Output the listing verbatim, leaving out every picture.

Provided material:
....
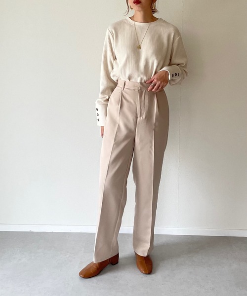 y/m×misato 美脚見えが叶うトラウザーパンツ ■デザイン 程よくゆとりのあるシルエットのトラウザーパンツ。センターラインが脚を綺麗に見せてくれ、美脚見えが叶う一本。 フロントはスッキリとしたデザインでインスタイルも綺麗に決まります。 後ろはゴム使用で楽に履いて頂けます。 ■コーディネート カジュアルなTシャツから綺麗めのブラウスまで幅広いコーディネートでお使い頂けます。 【y/m×misato】 misato36 気を張らず着られる素材感や、ナチュラルな雰囲気に合う色味のカラーバリエーション。 デザインにもこだわりつつ、日常に溶け込みやすいアイテムをお届けします。 【お買い物をよりお楽しみいただく為に】 ▼商品のお気に入り登録 お気に入りアイテムの値下げ・再入荷・ラスト1点などの通知を受け取ることができます。 ▼ブランドのお気に入り登録 新商品や再入荷、セール、クーポン配布などいち早くお得な情報を受け取ることができます。 ※撮影商品はサンプルの為、実際の仕様と異なる場合がございます。 ※画像の商品は光の照射や角度、お使いのモニター環境により、実物と色味が異なる場合がございます。 品番:525EAG31-1620 品名:エステルツイルトラウザーパンツ
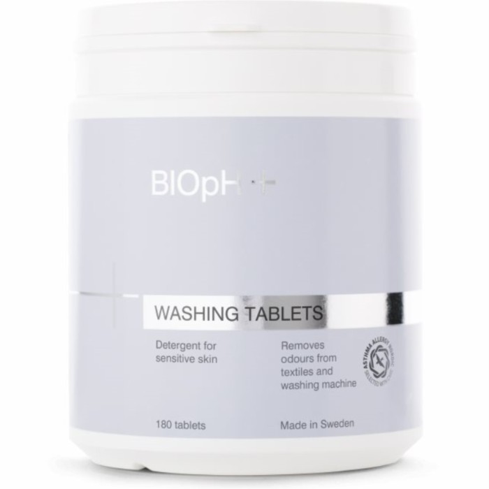 BIOpH Washing Tablets är ett högkoncentrerat tvättmedel i tablettform. Effektiv för alla typer av textilier, även känsliga material. (Dock ej för siden.) Kan användas för tvätt av träningskläder, strumpor och underkläder. Tvätttabletterna bryter effektivt ned dålig lukt i både textilierna och tvättmaskinen redan vid 30°C. Parfymfritt.
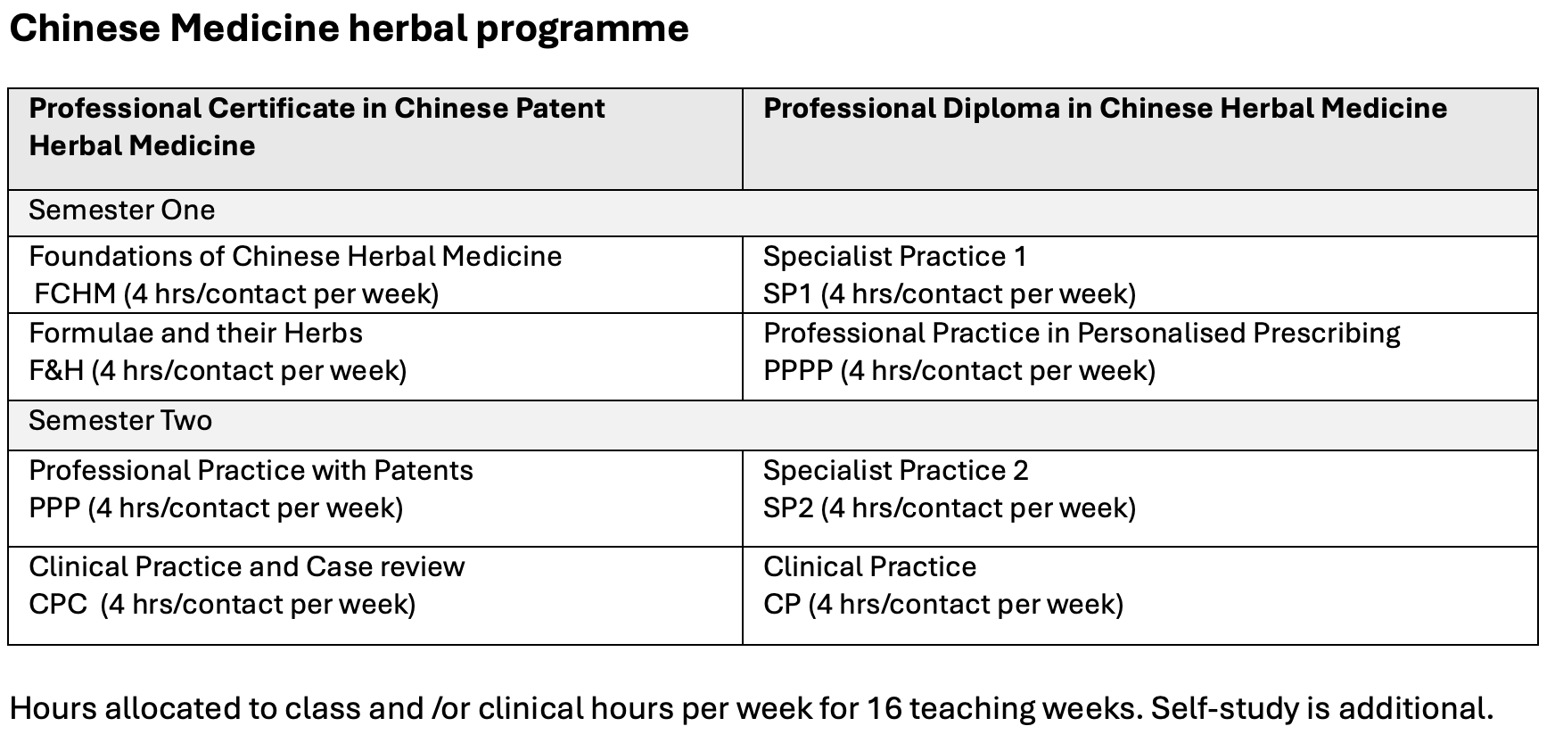 4. Professional Diploma in Chinese Herbal Medicine
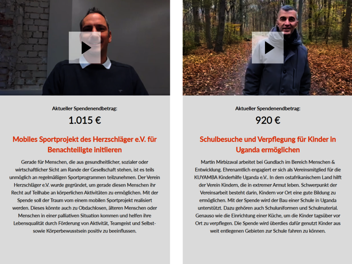 In unserer Weihnachtsaktion haben wir zwei unterstützenwerte Projekte vorgestellt, für die sich zwei Gundlacher persönlich engagieren. Die Teilnehmer:innen der Aktion konnten zwischen dem "Mobilen Sportprojekt des Herzschläger e.V. für Benachteiligte" und "Schulbesuchen und Verpflegung für Kinder in Uganda der KUYAMBA Kinderhilfe Uganda e.V." wählen.
....
Result for this exercise:
 y/m×misato 美脚見えが叶うトラウザーパンツ ■デザイン 程よくゆとりのあるシルエットのトラウザーパンツ。センターラインが脚を綺麗に見せてくれ、美脚見えが叶う一本。 フロントはスッキリとしたデザインでインスタイルも綺麗に決まります。 後ろはゴム使用で楽に履いて頂けます。 ■コーディネート カジュアルなTシャツから綺麗めのブラウスまで幅広いコーディネートでお使い頂けます。 【y/m×misato】 misato36 気を張らず着られる素材感や、ナチュラルな雰囲気に合う色味のカラーバリエーション。 デザインにもこだわりつつ、日常に溶け込みやすいアイテムをお届けします。 【お買い物をよりお楽しみいただく為に】 ▼商品のお気に入り登録 お気に入りアイテムの値下げ・再入荷・ラスト1点などの通知を受け取ることができます。 ▼ブランドのお気に入り登録 新商品や再入荷、セール、クーポン配布などいち早くお得な情報を受け取ることができます。 ※撮影商品はサンプルの為、実際の仕様と異なる場合がございます。 ※画像の商品は光の照射や角度、お使いのモニター環境により、実物と色味が異なる場合がございます。 品番:525EAG31-1620 品名:エステルツイルトラウザーパンツ
 BIOpH Washing Tablets är ett högkoncentrerat tvättmedel i tablettform. Effektiv för alla typer av textilier, även känsliga material. (Dock ej för siden.) Kan användas för tvätt av träningskläder, strumpor och underkläder. Tvätttabletterna bryter effektivt ned dålig lukt i både textilierna och tvättmaskinen redan vid 30°C. Parfymfritt.
 4. Professional Diploma in Chinese Herbal Medicine
 In unserer Weihnachtsaktion haben wir zwei unterstützenwerte Projekte vorgestellt, für die sich zwei Gundlacher persönlich engagieren. Die Teilnehmer:innen der Aktion konnten zwischen dem "Mobilen Sportprojekt des Herzschläger e.V. für Benachteiligte" und "Schulbesuchen und Verpflegung für Kinder in Uganda der KUYAMBA Kinderhilfe Uganda e.V." wählen.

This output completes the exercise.